The PLAN's risk paragraph (breaking-change for cached legacy ids) is moot in retrospect — bufdir's public API hadn't been advertised yet, so no consumer was caching the old shape.
Status (original): Backlog
Goal: Replace bufdir's filename-stem-hash surrogate id with a number-prefix derivation + a small alias seed for editorial discontinuity events. After this PLAN, bufdir-barnefattigdom's indicator_api_id is bf_zip_ind_<N> (stable across slug refinements), and marts.bufdir_indicator_alias (auto-wrapped as api_v1.bufdir_indicator_alias) carries historical_id → canonical_id mappings consumers can join on for cross-time-series continuity.
Investigation: INVESTIGATE-bufdir-indicator-surrogate-id-stability.md — settled the strategy (option (d)), Q1–Q4 answers, and the auto-exposure architectural principle this PLAN executes.
Last Updated: 2026-05-05
Prerequisites:
- PR #67 (parse.ts split + multi-tier discovery + golden-file tests) — merged.
- PR #68 (README quirks refresh) — pending merge; not blocking.
- PR #69 (the INVESTIGATE this PLAN executes) — pending review/merge; required before this PLAN starts.
- A working Postgres + cluster (per setup.md § After a cluster reset).
Blocks:
- Consumers caching the current
bf_zip_<24-hex>ids will break on first deploy of this PLAN. Mitigation:bufdir-barnefattigdomhas been live <1 week, no public-API uptake yet; window closes the momentatlas.helpers.no/dataadvertises the endpoint.
Out of scope (see INVESTIGATE "What this INVESTIGATE explicitly does NOT decide"):
- Speculative pre-population of the alias seed for unobserved future deprecations.
- Rename-detection automation (a future ingest could diff today's filenames against
_sources_dimensionsand flag suspect renames; that's separate hardening). - Generalising the alias pattern to non-bufdir sources before any second source actually needs it (the convention is in place for them to inherit when the time comes).
Phase 1: Update parse.ts:surrogateIndicatorApiId()
Single-file change. Trivial code.
Tasks
- 1.1 Modify
atlas-data/ingest/src/sources/bufdir-barnefattigdom/parse.tssurrogateIndicatorApiId()to:- Parse the leading
Indikator_(\d+[a-z]?)from the filename stem. - On match: return
"bf_zip_ind_" + capturedNumber.toLowerCase()(e.g.bf_zip_ind_5,bf_zip_ind_9a,bf_zip_ind_22). - On no match (defensive — Bufdir adds a non-numbered workbook in some future release): fall back to the existing
sha256(stem)body and log a warn so the operator notices.

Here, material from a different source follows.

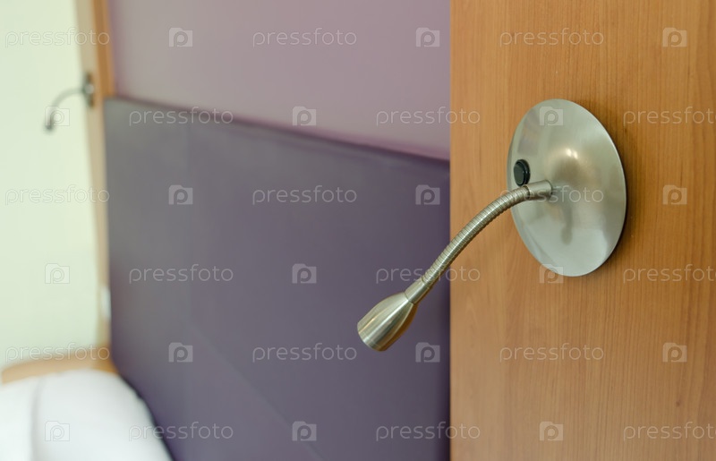 Небольшая металлическая лампа для чтения на деревянной стене

Keeps ingest from throwing on a non-conforming filename.
- Parse the leading
- 1.2 Adjust the JSDoc on
surrogateIndicatorApiId()to describe both the primary and fallback paths and reference this PLAN's rationale.
Validation
cd atlas-data/ingest && npm run typecheck # exit 0
Done when
surrogateIndicatorApiId("Indikator_5_barn_i_hush_…")returns"bf_zip_ind_5".surrogateIndicatorApiId("Indikator_9a_barn_i_hush_…")returns"bf_zip_ind_9a".surrogateIndicatorApiId("nonsense_filename")returns"bf_zip_<24 hex>"and the fallback log fires.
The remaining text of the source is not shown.